— Думаю, наши дела займут немного больше времени, миледи, — сказал Оуэн, тон его был чуть‑чуть снисходительным — как у доброго дядюшки, увещевающего свою легкомысленную племянницу. — Вам будет удобней привести себя в порядок и согреться наверху, и там же я займусь вашей раной. А мистрис Райдер принесет туда горячее питье.
— Ну конечно же! — одобрила та. — Давайте, молодой Седрик, помогите мне. Выньте из печи горячие угли… насыпьте вон в тот железный ящик и тащите наверх. Мы мигом согреем комнату шевалье.
Они занялись своим делом; Оуэн предложил Пен сесть Поближе к огню.
— И советую оставить все опасения, — добавил он.
— Вы так считаете? — довольно сухо спросила Пен.
Тем не менее она послушалась, села у печки, протягивая к огню замерзшие руки и не пропуская ни единого слова из того, что отвечал Оуэн, хотя ответ этот можно было счесть несколько насмешливым.
— Я полагаю, — говорил он, — что человек, безрассудно пускающийся в путь в одиночку по ночным дорогам Лондона, должен быть незнаком со страхом. Кроме того, — его голос сделался еще язвительнее, — если главной причиной вашего страха является ваш покорный слуга, то, должен заметить, он куда менее опасен, чем банда ночных грабителей и убийц.
Это еще неизвестно, хотелось сказать Пен, но, конечно же, она не позволила себе такой вольности. Если честно признаться, то чувство, которое он у нее вызывал, нельзя было называть страхом. Скорее, это было опасение. Весьма серьезное.
Разминая затекшие пальцы, она ответила с некоторой расстановкой, так как следила за каждым своим словом:
— Я не боюсь вас, сэр. И если бы трусливый факельщик не умчался, как заяц от собак, возможно, не потребовалось бы ваше вмешательство, однако не думайте, что я не испытываю благодарности. Вы, по существу, спасли мою жизнь. Только зачем… почему вы следовали за мной по пятам чуть не весь вечер, как вы сами признали?
Он усмехнулся:
— Я уже имел честь сообщить вам: вы заинтересовали меня, леди Пен, и я почувствовал, что свыше моих сил не следовать за вами.

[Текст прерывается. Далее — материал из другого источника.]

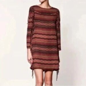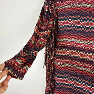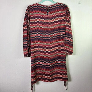 Zara Tribal Bohemian Tunic Shift Dress zig zag Fringe Long Sleeve size M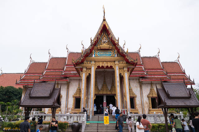普吉岛是泰国著名的旅游胜地,大多数人都是为了这里秀美的沿海风光而来,却忽略了这里的普吉岛上的寺院。普吉岛上有29座寺院,其中规模最大、香火最旺的是“查龙寺”,在普吉岛游玩期间就曾去过这座寺院。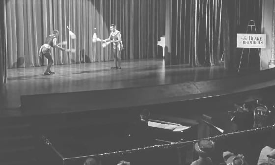 At 04:45, a juggling team called the Blake Brothers is seen warming up backstage passing 6 clubs for 5 seconds.

Произнося эти слова, он холодно и пристально смотрел на нее, это был другой человек — не тот, кто заботливо поддерживал ее, поправлял на ней капор, беспокоился о ране. Когда же он настоящий?..
Они оба замолчали. Правда, напряженности в этом молчании Пен не ощутила. Ей было тепло и спокойно, тишина в кухне нарушалась только сопением собак и потрескиванием поленьев в печи.

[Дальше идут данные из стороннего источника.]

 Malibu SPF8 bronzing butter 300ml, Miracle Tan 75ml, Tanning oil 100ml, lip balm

Вместе с расслаблением пришло чувство боли. Ныло все тело, зудели царапины и ушибы, пульсировала рана на шее; Пен чувствовала, как там стягивается кожа. Ей сделалось страшно: что, если уже началось заражение? Это похуже, чем странное преследование, которому она подверглась сегодня со стороны некоего Оуэна д'Арси.